Serrano, who before the injury saw Lee as an immediate contributor on the mound, said “everyone” in the program was happy for the tall East Tennessean.
“He’s worked extremely hard,” Serrano said. “I’ll never forget that phone call in June (2012), when he had to tell me that he was gonna have to have Tommy John, and he wasn’t gonna be able to pitch for us his first year. He’s worked extremely hard to come back. There’s been a lot of patience involved in this, and he’s healed good. And he’s a welcome member on this pitching staff.
“He pounded the strike zone. He set the tempo. I’m very proud of him.”
Purdue opened Monday’s scoring on center fielder Kyle Johnson’s RBI single in the top of the second, but the Vols responded in a big way in the bottom half of the inning.
Vols junior catcher Tyler Schultz (UT photo)
Twelve Vols came to the plate in a seven-run frame that featured a ton of free passes from Purdue’s pitchers and only one really big blow from Tennessee’s bats — a three-run double from senior right fielder Scott Price, scoring second baseman Will Maddox, catcher Tyler Schultz and third baseman Taylor Smart.
Aside from that, though, patience was Tennessee’s biggest friend on a day that started under bright, reasonably warm sunshine but ended under the lights in a brisk, chilly wind.
The Vols drew nine walks, which helped them score eight runs despite collecting just seven hits on what Serrano called an “opportunity” day at the plate.
“Early in the season, your blood’s flowing, your heart’s beating, and you want to go for the fence,” said Price, who was 3-for-4 on Monday with four RBI. “But a lot of times, you’ve really just got to take what the defense gives you, or what the pitchers give you. If they’re not gonna fill up the zone, or if they’re not gonna establish a low strike zone ... you know, if they make mistakes, we’re gonna make ‘em pay.
“But fortunately for us today, they were a little erratic. They were all over the place, and we just took what they gave us.”
Freshman designated hitter Nick Senzel from Knox County powerhouse national Farragut High School continued the hot start to his college career, going 2-for-2 on Monday to finish his first series with a .444 batting average.
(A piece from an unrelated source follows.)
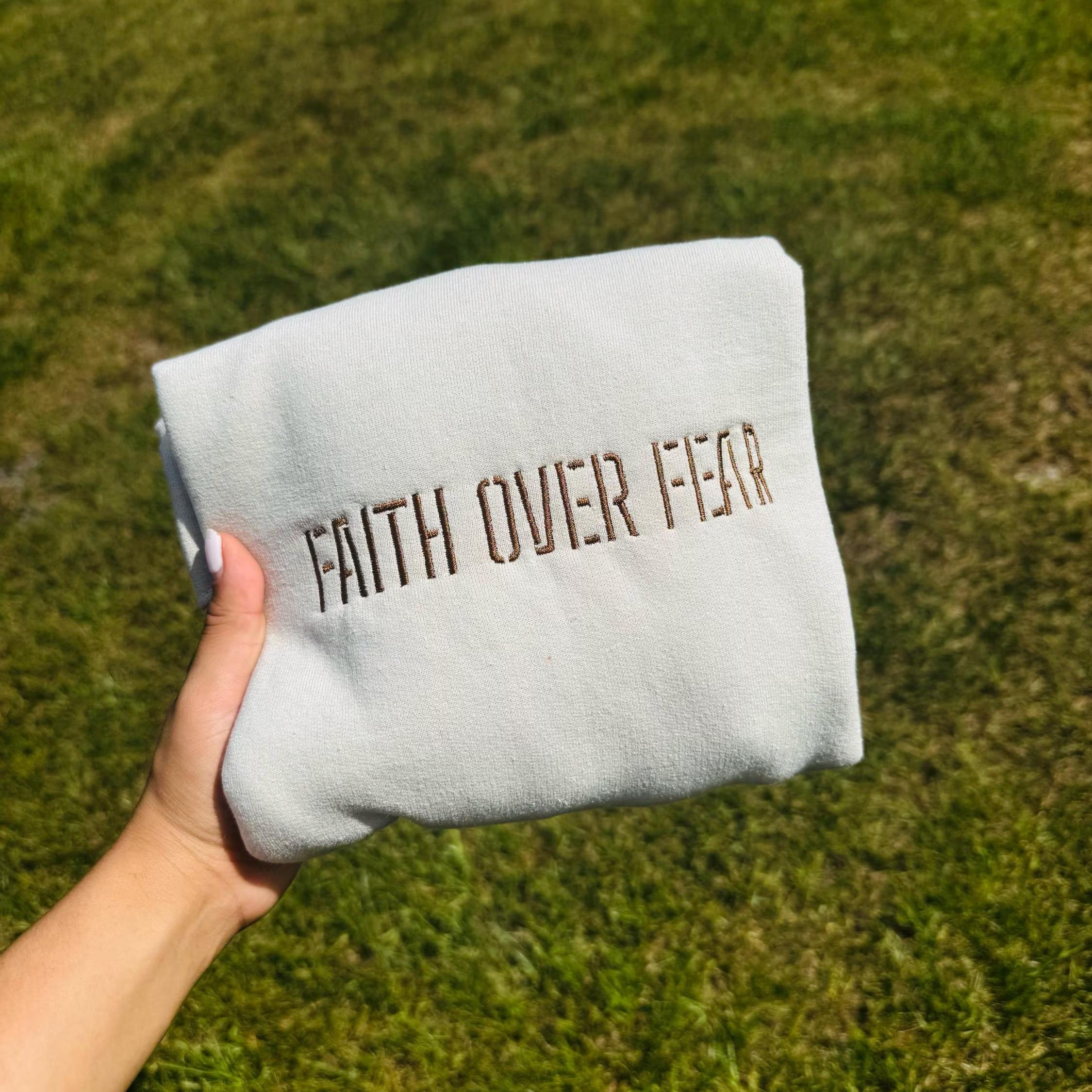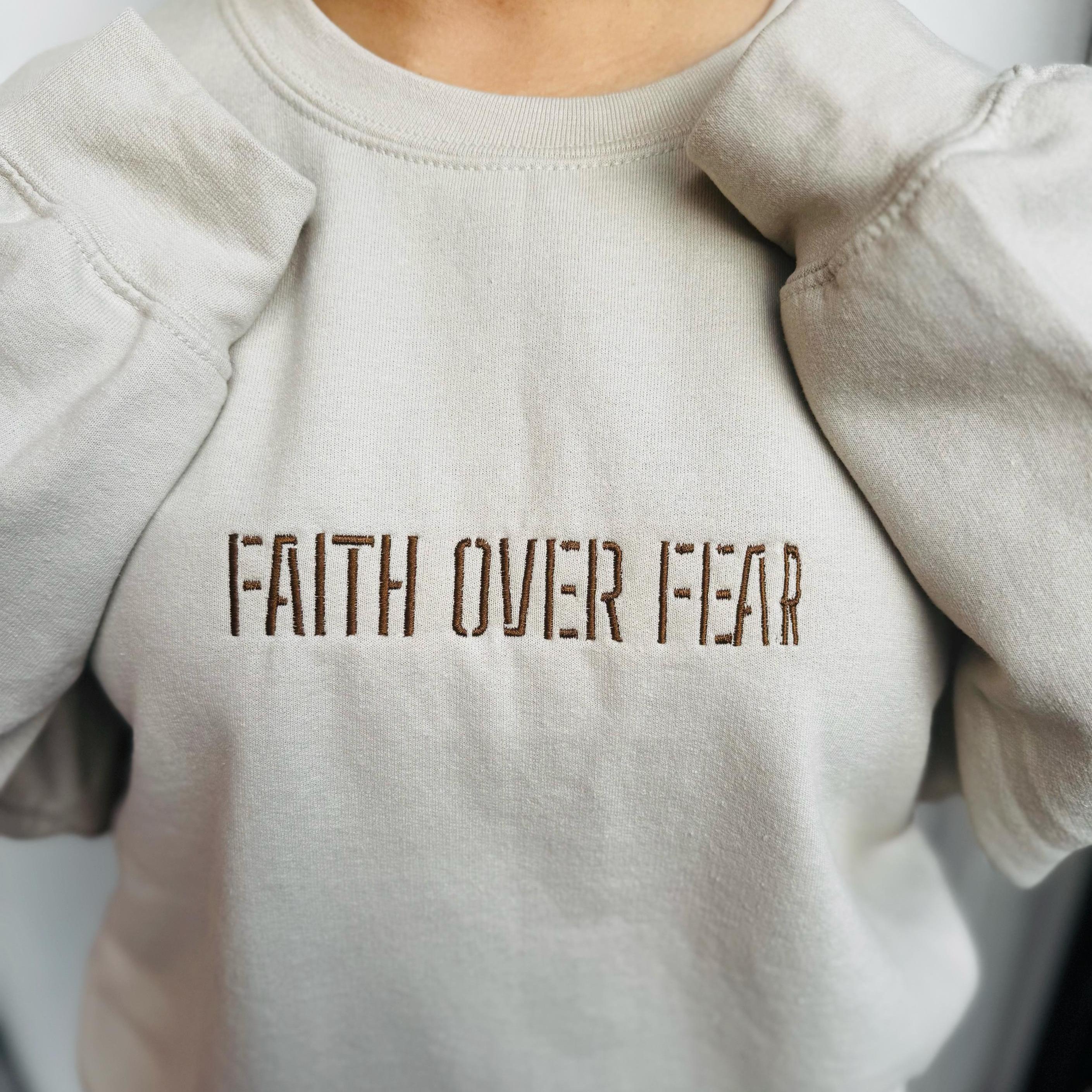 Faith Over Fear Embroidery Unisex Crewneck Sweatshirt

Smart, Schultz and sophomore center fielder Vincent Jackson also had at least one RBI for the Vols, whose preseason confidence at the plate hasn’t been curtailed.
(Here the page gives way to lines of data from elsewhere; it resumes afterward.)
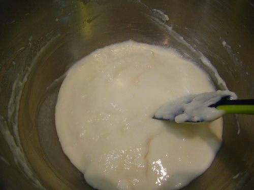 Вбивать по одному яйца, размешать быстро до однородной гладкой и блестящей массы.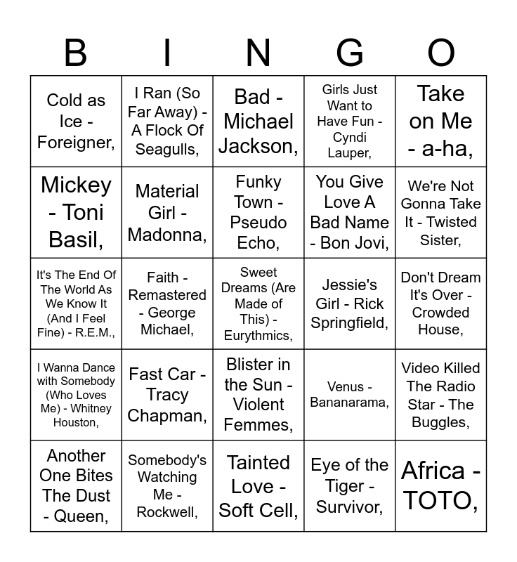 This bingo card has 51 words: Free!, Sweet Dreams (Are Made of This) - Eurythmics,, Kiss - Prince,, Tainted Love - Soft Cell,, Fast Car - Tracy Chapman,, Cars - Gary Numan,, I Ran (So Far Away) - A Flock Of Seagulls,, Heaven Is A Place On Earth - Belinda Carlisle,, Mickey - Toni Basil,, Hit Me With Your Best Shot - Pat Benatar,, Material Girl - Madonna,, Girls Just Want to Have Fun - Cyndi Lauper,, Video Killed The Radio Star - The Buggles,, Venus - Bananarama,, Everybody Wants To Rule The World - Tears For Fears,, Rock And Roll All Nite - KISS,, Funky Town - Pseudo Echo,, Jessie's Girl - Rick Springfield,, Don't Stop Believin' - Journey,, Take on Me - a-ha,, Faith - Remastered - George Michael,, Eye of the Tiger - Survivor,, Cold as Ice - Foreigner,, You Give Love A Bad Name - Bon Jovi,, Jump - Van Halen,, Africa - TOTO,, We're Not Gonna Take It - Twisted Sister,, Let's Dance - David Bowie,, Another One Bites The Dust - Queen,, Bad - Michael Jackson,, Walk Like an Egyptian - The Bangles,, White Wedding - Billy Idol,, Down Under - Men At Work,, Roxanne - The Police,, Whip It - DEVO,, Somebody's Watching Me - Rockwell,, Ghostbusters - Ray Parker Jr.,, Footloose - Kenny Loggins,, Walking On Sunshine - Katrina & The Waves,, Physical - Olivia Newton-John,, Don't Dream It's Over - Crowded House,, I Wanna Dance with Somebody (Who Loves Me) - Whitney Houston,, You Spin Me Round (Like a Record) - Dead Or Alive,, Total Eclipse of the Heart - Bonnie Tyler,, Under the Milky Way - The Church,, Need You Tonight - Single Edit - INXS,, It's The End Of The World As We Know It (And I Feel Fine) - R.E.M.,, Rock the Casbah - The Clash,, The Safety Dance - Men Without Hats,, Blister in the Sun - Violent Femmes, and Turning Japanese - The Vapors,.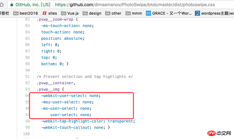 因为插件的样式文件photoswipe.css 中添加了 user-select: none; 你去掉应该就行了看下图: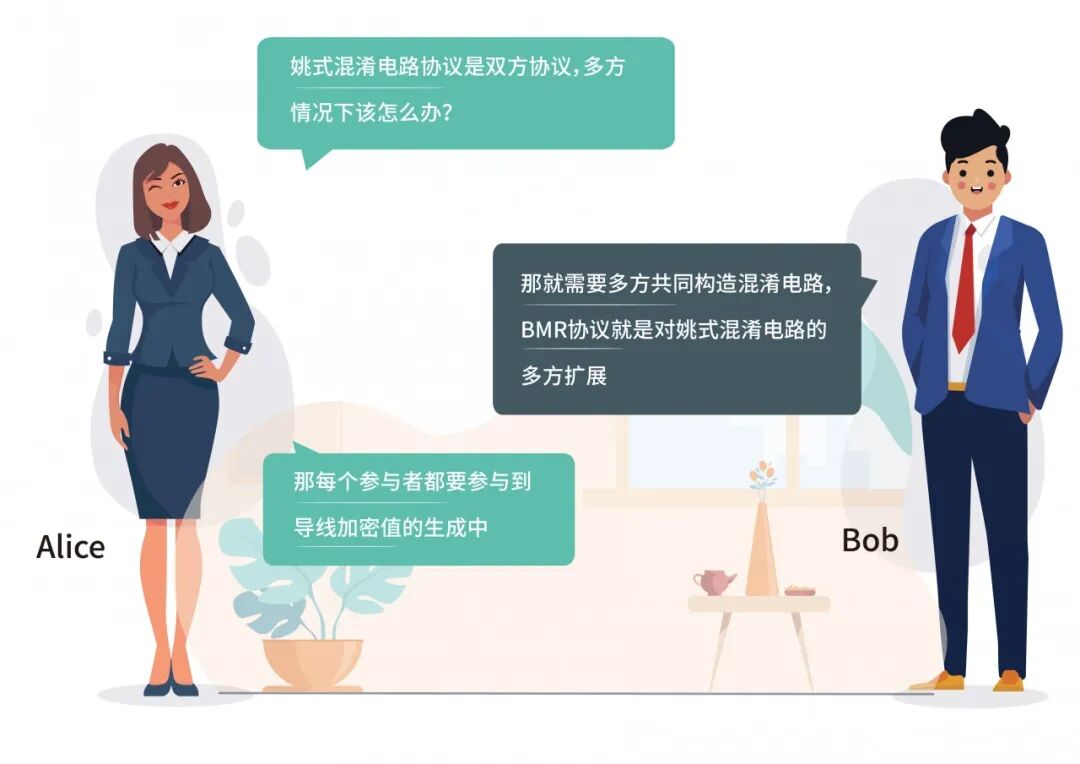 之前介绍的姚氏混淆电路只支持双方计算,BMR(Beaver-Micali-Rogaway)协议将姚氏混淆电路扩充到了多方情景。

“We have a lot of confidence in our offense, and we feel like one through nine, we’re just as good as really anyone in the country,” said Price, the SEC’s leading returning hitter from last season. “We’ve got speed. We’ve got power. We’ve got all the tools this year to have a very successful offense.”
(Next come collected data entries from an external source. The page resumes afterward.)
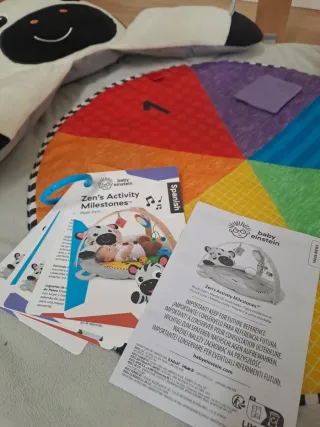 Manta de actividades con diseño de cebra de la marca Baby Einstein. Ideal para el entretenimiento y desarrollo del bebé. - Incluye un divertido arco de juegos de madera. - Diseñada con colores vivos y texturas variadas. - Cuenta con diferentes elementos para estimular los sentidos del bebé. Tiene voz,la bola enseña colores en español y en ingles,y tiene melodias. Comprada en El Corte Inglés,sin apenas uso.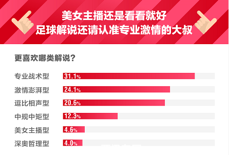 看世界杯不能少了球賽解說,當(dāng)前專業(yè)戰(zhàn)術(shù)型、激情澎湃型、逗逼相聲型等解說風(fēng)格各具特色。報(bào)告顯示,鐘愛專業(yè)戰(zhàn)術(shù)型解說的球迷最多,占比三成,美女主播的解說受歡迎程度欠佳,僅占4.6%。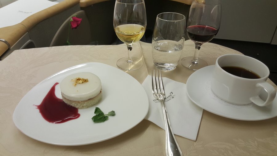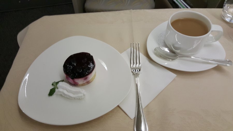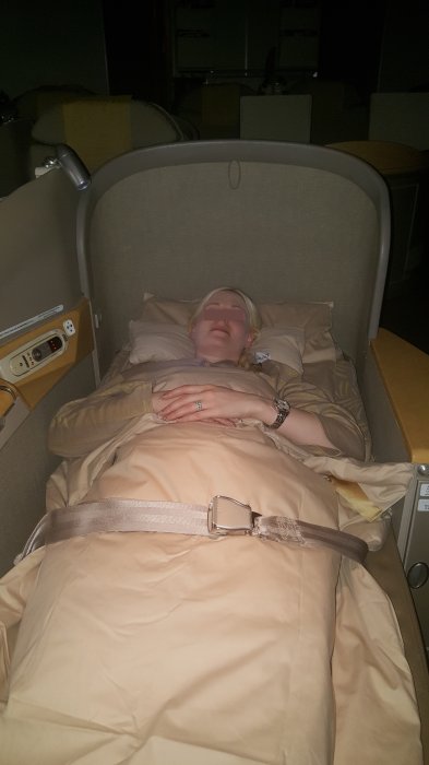 Vi väljer att skippa efterrätten/osten för att istället fokusera på att få lite sömn. Fäller sätet, dra upp filten och fäller ner kepsen..

As good as the Vols felt this weekend, though, Serrano said he and his players knew the schedule was about to get tougher.
Tennessee hosts Appalachian State (0-3) on Wednesday at 3 p.m. EST before hosting solid UNLV (4-0) on Friday, Saturday and Sunday.
Sophomore left-hander Andy Cox (0-0, 0.00 ERA) is scheduled to start on the mound for theVols on Wednesday after looking solid in two innings of one-hit relief against Purdue on Sunday. Cox had a 5.29 ERA in 21 appearances — six being starts — last season as a freshman.
Appalachian State opened its season by being swept at 25th-ranked Arkansas in Fayetteville. The Mountaineers were thumped in the opener before coming back to play better on Saturday and Sunday, losing those games by final scores of 7-6 and 8-3.
“We still have a long ways to go,” Serrano said. “I don’t think anyone’s ever won an SEC championship or a national championship on one weekend sweep. It gets us going in the direction, but just like I told (the team), if we were 0-3, we’re still gonna work on the same things when we get back to the table.
“And we’re gonna continue to build as a team and as a program, and not be satisfied with where we’re at.”
But a season-opening sweep is a “great way to get going,” as Price noted with a big grin.
“Yes, it is (a good start) — long time coming, too,” Price said. “It took us a couple extra days to finally get out here. But 3-0, I mean, no matter who you’re playing or what level of competition you’re playing, 3-0 is a good way to start.”